Intraindividual mean and standard deviation are modeled as predictors of an outcome variable using Bayesian approach, where hyper priors are specified for the true (i.e., latent) intraindividual mean and standard deviation.

Usage

ISD.BV(
  compx,
  y,
  ReMeasure
  , nchains=2, niter=8000
)

Arguments

compx

an N*T (N: number of individuals; T: number of measurement occasions) matrix containing wide format repeated measures of a time varying independent variable X

y

a column vector of length N containing a single measurement of the outcome variable y

ReMeasure

measurement scale reliability of the time varying independent variable X

nchains

number of Markov chains (default: 2)

niter

number of total iterations per chain (including burn in; default: 8000)

Details

For each individual, the predictor score at occasion t is assumed to follow a normal distribution:

x_it : N( mux_i, (sigmav_i)^2 + sigmaex^2 ),

where the intraindividual variance (sigmav_i)^2 is modeled as sigmav_i^2 : Gamma(location, scale) with unknown location and scale parameters; and the intraindividual mean (mux_i) as mux_i : N(mu_mux, sigma_mux^2). The measurement scale reliability of X ("ReMeasure") is used to help identify the model, where we set sigmaex^2 = (1– ReMeasure )*(sigma_mux^2+location*scale)/ReMeasure.

For predicting outcome Y, we assume y_i : N( beta_0+beta_IM*mux_i+beta_IIV*sigmav_i, sigmay^2 ).
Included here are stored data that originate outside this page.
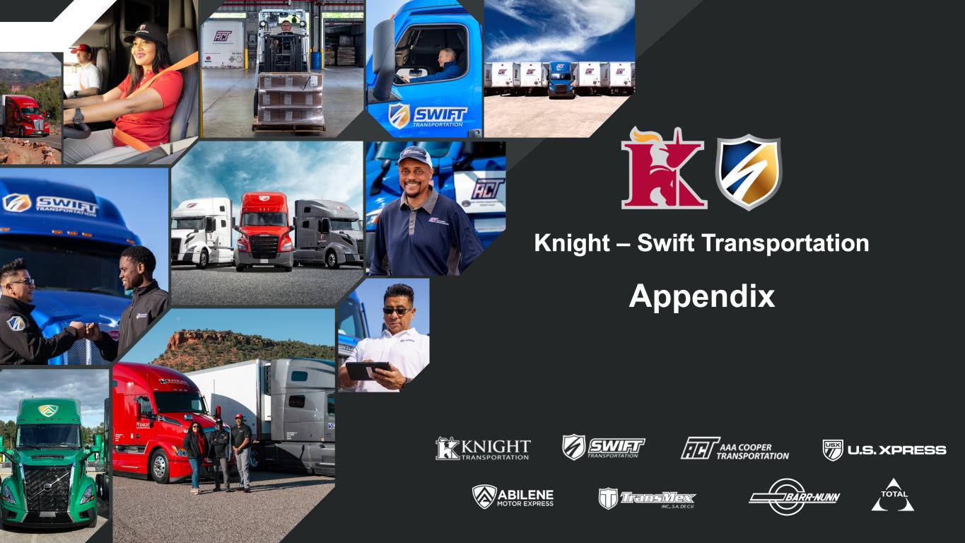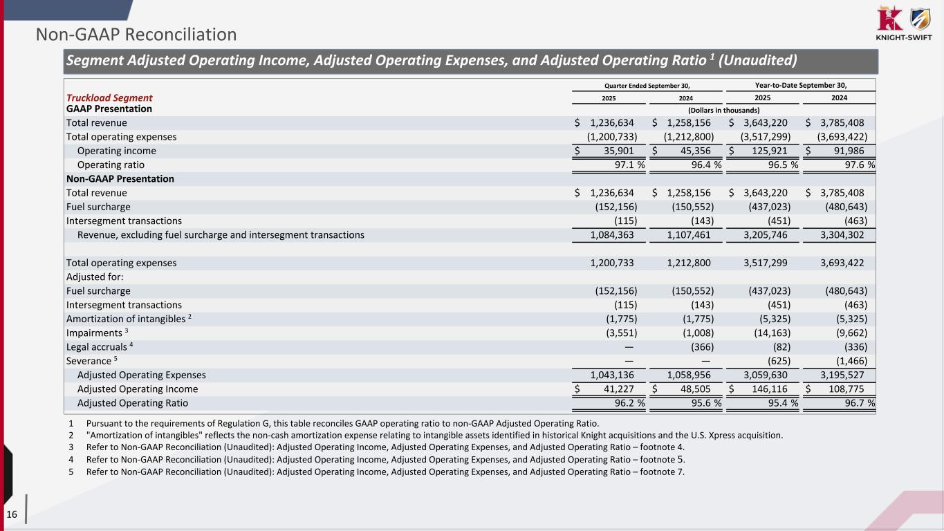 15 Adjusted Net Income Attributable to Knight-Swift and Adjusted EPS 1 2 (Unaudited) Quarter Ended September 30, Year-to-Date September 30, 2025 2024 2025 2024 GAAP: Earnings per diluted share $ 0.05 $ 0.19 $ 0.45 $ 0.30 Adjusted for: Income tax expense attributable to Knight-Swift 0.05 0.09 0.19 0.14 Income before income taxes attributable to Knight-Swift 0.09 0.27 0.64 0.43 Amortization of intangibles 3 0.12 0.12 0.36 0.35 Impairments 4 0.21 0.01 0.28 0.07 Legal accruals 5 — — — 0.01 Transaction fees 6 — — — — Severance expense 7 — — 0.01 0.04 Change in fair value of deferred earnout 8 — (0.01) — (0.01) Loss on investment 9 — 0.07 — 0.07 Write-off of deferred debt issuance costs 10 0.01 — 0.01 — Adjusted income before income taxes 0.45 0.47 1.31 0.98 Provision for income tax expense at effective rate 11 (0.13) (0.14) (0.36) (0.28) Non-GAAP: Adjusted EPS $ 0.32 $ 0.34 $ 0.95 $ 0.70 Note: Because the numbers reflected in the table above are calculated on a per share basis, they may not foot due to rounding. 1 Pursuant to the requirements of Regulation G, these tables reconcile consolidated GAAP net income attributable to Knight-Swift to non-GAAP consolidated Adjusted Net Income Attributable to Knight-Swift. 2 Refer to Non-GAAP Reconciliation (Unaudited): Adjusted Operating Income and Adjusted Operating Ratio – footnote 2. 3 Refer to Non-GAAP Reconciliation (Unaudited): Adjusted Operating Income and Adjusted Operating Ratio – footnote 3. 4 Refer to Non-GAAP Reconciliation (Unaudited): Adjusted Operating Income and Adjusted Operating Ratio – footnote 4. 5 Refer to Non-GAAP Reconciliation (Unaudited): Adjusted Operating Income and Adjusted Operating Ratio – footnote 5. 6 Refer to Non-GAAP Reconciliation (Unaudited): Adjusted Operating Income and Adjusted Operating Ratio – footnote 6. 7 Refer to Non-GAAP Reconciliation (Unaudited): Adjusted Operating Income and Adjusted Operating Ratio – footnote 7. 8 Refer to Non-GAAP Reconciliation (Unaudited): Adjusted Operating Income and Adjusted Operating Ratio – footnote 8. 9 "Loss on investment" reflects the write-off of a minority investment in a transportation-adjacent technology venture which ceased operations in the third quarter of 2024 and is recorded within the All Other Segments. 10 "Write-off of deferred debt issuance costs" was incurred from replacing the 2021 Debt Agreement and 2023 Debt Agreement with the 2025 Debt Agreement. 11 For the third quarter of 2025, an adjusted effective tax rate of 29.6% was applied in our Adjusted EPS calculation. For the year-to-date period ending September 30, 2025, an adjusted effective tax rate of 27.8% was applied in our Adjusted EPS calculation. For the third quarter of 2024, an adjusted effective tax rate of 29.3% was applied in our Adjusted EPS calculation to exclude certain discrete items. For the year-to-date period ending September 30, 2024, an adjusted effective tax rate of 28.5% was applied in our adjusted EPS calculation to exclude certain discrete items. djusted Net Income Attributable to Knight-Swift and Adjusted EPS 1 2 (Unaudited) Non-GAAP Reconciliation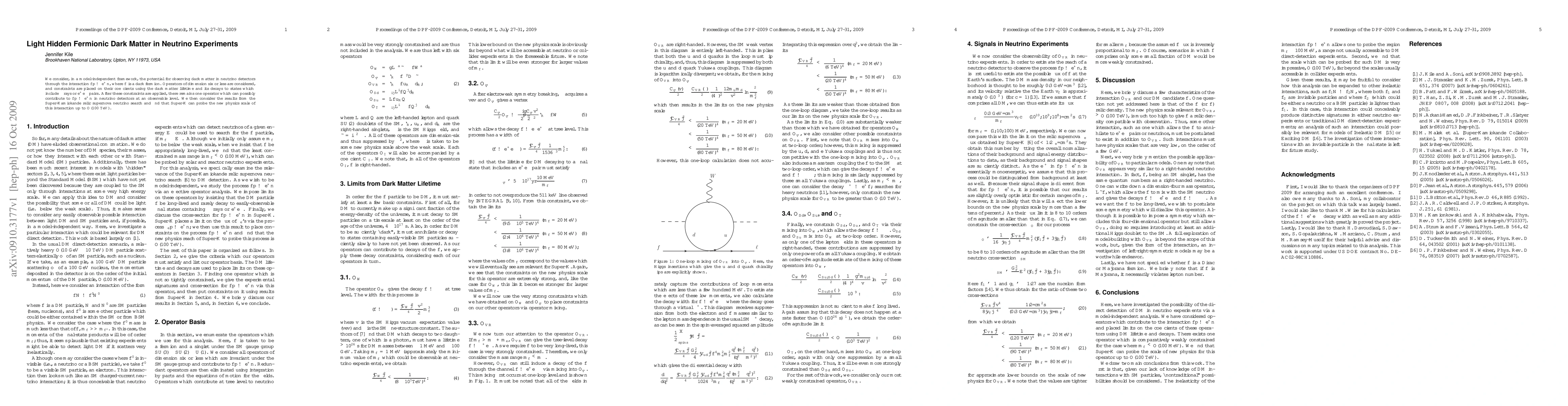 This paper explores the possibility of detecting hidden fermionic dark matter in neutrino experiments via the interaction $\bar{f} p \to e^+ n$. It identifies a single operator that could potentially lead to observable effects in neutrino detectors, and finds that Super-Kamiokande can probe this interaction up to a new physics scale of $O(100\mbox{ TeV})$.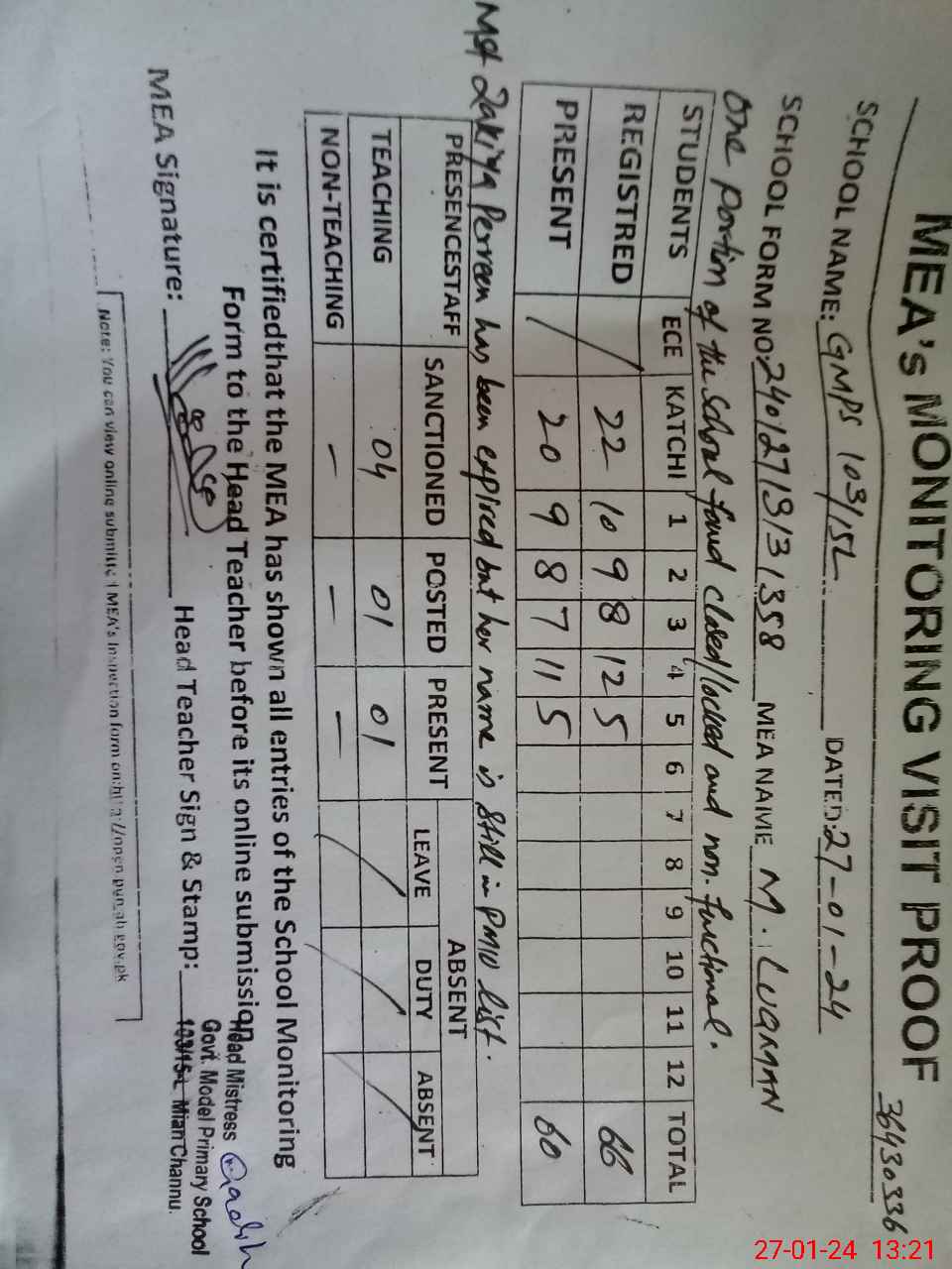| EMIS Code: 36430336 | Name of School: GMPS 103/15-L, MIAN CHANNU | |||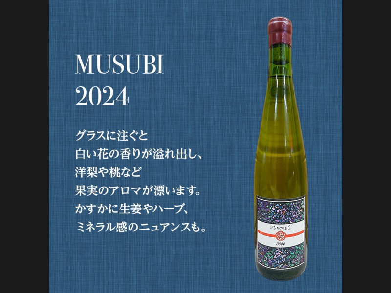 MUSUBI 2024:Domaine Blessメインブランドの白ワインである「MUSUBI」。昨年までは8品種の混醸でしたが、オーセロワが追加になり2024 ヴィンテージは9品種の混醸ワインとなりました。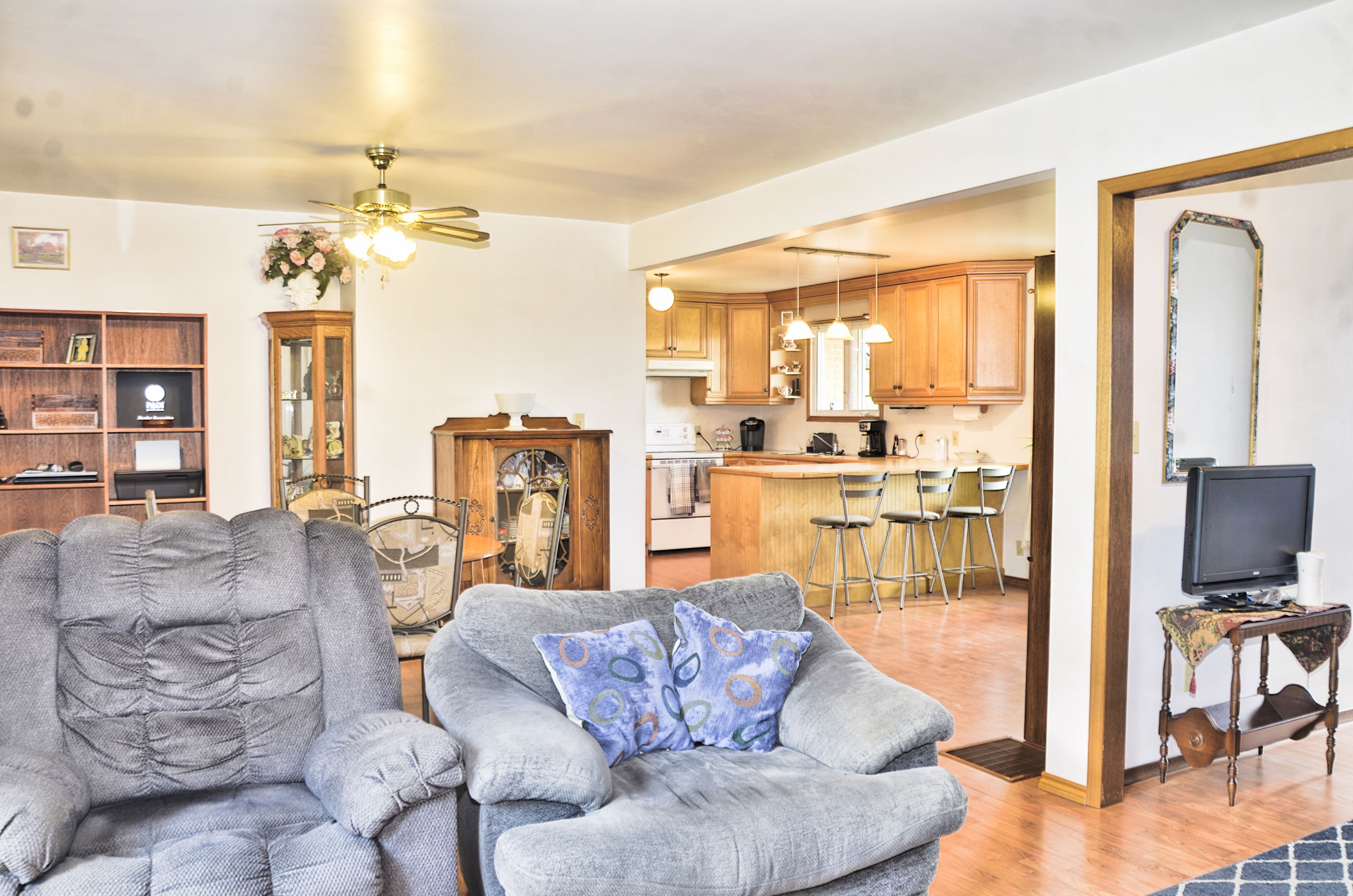 • All-brick bungalow with a bright, open-concept living space.

Half Cauchy priors are used as a weakly informative prior for location, 1/scale, sigma_mux, and sigmay. Noninformative normal priors,N(0,0.001^2) are used for the regression coefficients. R JAGS is used to implement the MCMC sampling.

Value

IVAR.BV returns a data.frame named "res" containing the mean("Estimate"), standard deviation ("Std.err"), 0.025 and 0.975 quantiles of the posterior distributions of the effects of the intraindividual standard deviation ("beta_IIV") and intraindividual mean ("beta_IM") of X (the time varying indenpendent variable) on Y (the outcome variable), , and their corresponding Rhat (the potential scale reduction factor of the Gelman Rubin convergence diagnositic) values.

Examples

#  Population Values
# IM: mux_i : N(0, var=9)
sigma_mu=sqrt(9);
# IIV: sigmasqx_i : Gamma(shape=0.25, scale=17)
shape=0.25;
scale=17;
# measurement error
sigma_e=sqrt(1.8) # such that the measurement scale reliability is .88
# y_i = beta_mu*IM_i + beta_IIV*ISD_i + epsilon_i
# epsilon_i : N(0,1)
beta_mu=1;
sigma_ep=1

# beta_IIV is beta2 for ISD
beta_IIV=c(0,0.3,0.8,1.50)[2]
N=c(200,500)[1]
T=c(6,9,12)[2]


#  Data Generation
set.seed(12)
mu=rnorm(N,0,sigma_mu)
IIV=rgamma(N,shape=shape,scale=scale) #sigmasq_vi
isd=sqrt(IIV)
# population regression model
# y=0+beta_mu*mu+beta_IIV*IIV+rnorm(N,0,sigma_ep)
# use ISD as predictor
y=0+beta_mu*mu+beta_IIV*isd+rnorm(N,0,sigma_ep)

x=v=compx=array(0,c(N,T))
for (i in 1:N) {
  v[i,]=mu[i]+rnorm(T,0,isd[i])
  x[i,]=v[i,]+rnorm(T,0,sigma_e)
  compx[i,]=x[i,]
}


ISD.BV(
  compx,
  y,
  ReMeasure=0.88
  , nchains=2, niter=10
)

Bayesian variability modeling method for modeling intraindividual variance as a predictor

Description

Intraindividual mean and variance are modeled as predictors of an outcome variable using Bayesian approach, where hyper priors are specified for the true (i.e., latent) intraindividual mean and variance.

Usage

IVAR.BV(
  compx,
  y,
  ReMeasure
  , nchains=2, niter=8000
)

Arguments

compx

an N*T (N: number of individuals; T: number of measurement occasions) matrix containing wide format repeated measures of a time varying independent variable X.

y

a column vector of length N containing a single measurement of the outcome variable y.

ReMeasure

measurement scale reliability of the time varying independent variable X.

nchains

number of Markov chains (default: 2).

niter

number of total iterations per chain (including burn in; default: 8000).

Details

For each individual, the predictor score at occasion t is assumed to follow a normal distribution:

x_it : N( mux_i, (sigmav_i)^2 + sigmaex^2 ),

where the intraindividual variance (sigmav_i)^2 is modeled as sigmav_i^2 : Gamma(location, scale) with unknown location and scale parameters; and the intraindividual mean (mux_i) as mux_i : N(mu_mux, sigma_mux^2). The measurement scale reliability of X ("ReMeasure") is used to help identify the model, where we set sigmaex^2 = (1– ReMeasure )*(sigma_mux^2+location*scale)/ReMeasure.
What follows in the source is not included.